● Exercise description: Go through the listing and set it down exactly, leaving out its pictures.

Start of Input data

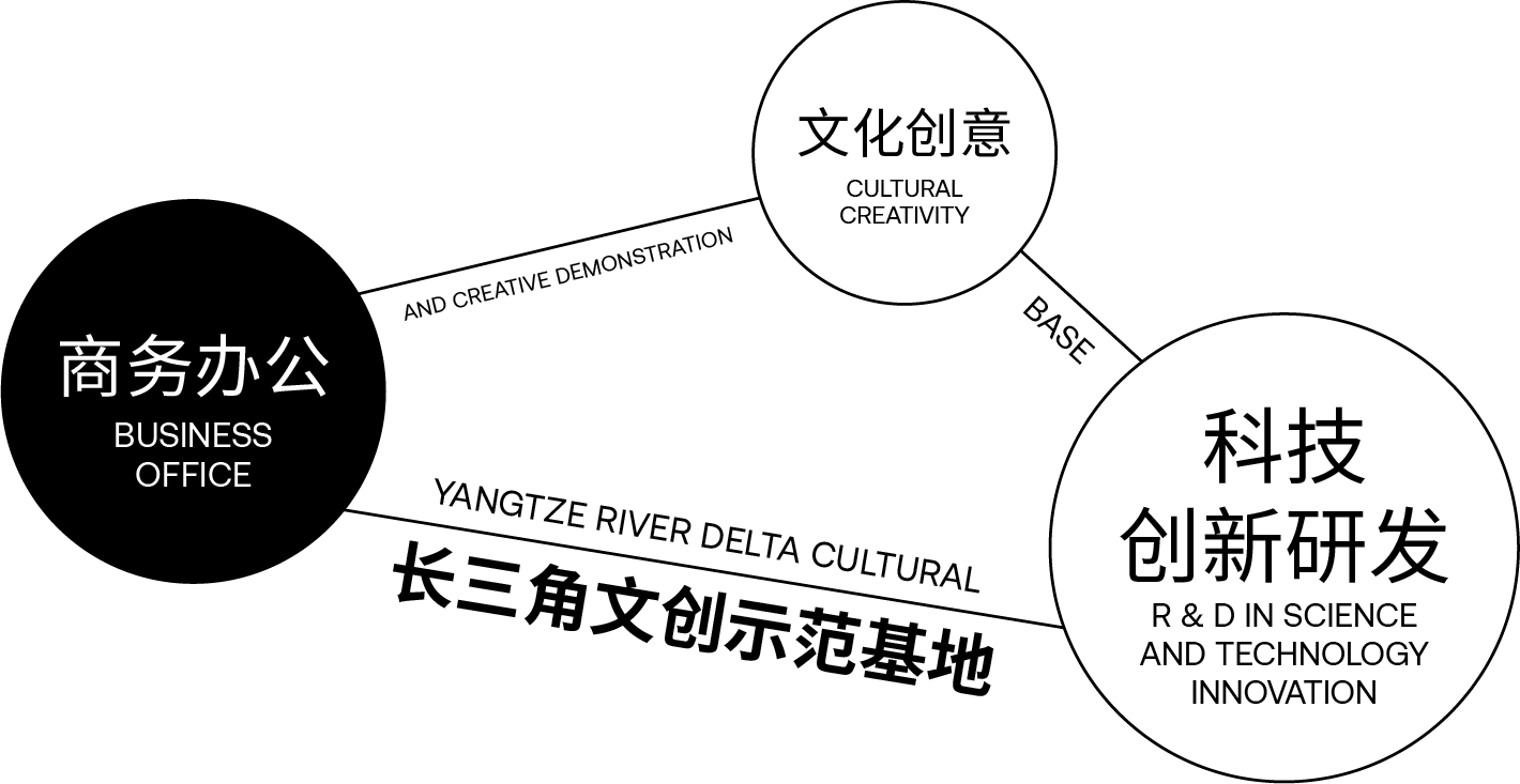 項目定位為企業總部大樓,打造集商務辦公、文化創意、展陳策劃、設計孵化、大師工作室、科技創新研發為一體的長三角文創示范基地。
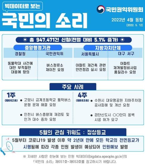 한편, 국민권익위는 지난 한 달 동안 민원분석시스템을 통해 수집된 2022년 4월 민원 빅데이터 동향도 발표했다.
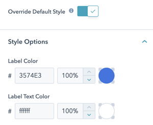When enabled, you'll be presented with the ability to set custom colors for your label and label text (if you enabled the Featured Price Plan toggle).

End of Input data

● Exercise response:
 項目定位為企業總部大樓,打造集商務辦公、文化創意、展陳策劃、設計孵化、大師工作室、科技創新研發為一體的長三角文創示范基地。
 한편, 국민권익위는 지난 한 달 동안 민원분석시스템을 통해 수집된 2022년 4월 민원 빅데이터 동향도 발표했다.
When enabled, you'll be presented with the ability to set custom colors for your label and label text (if you enabled the Featured Price Plan toggle).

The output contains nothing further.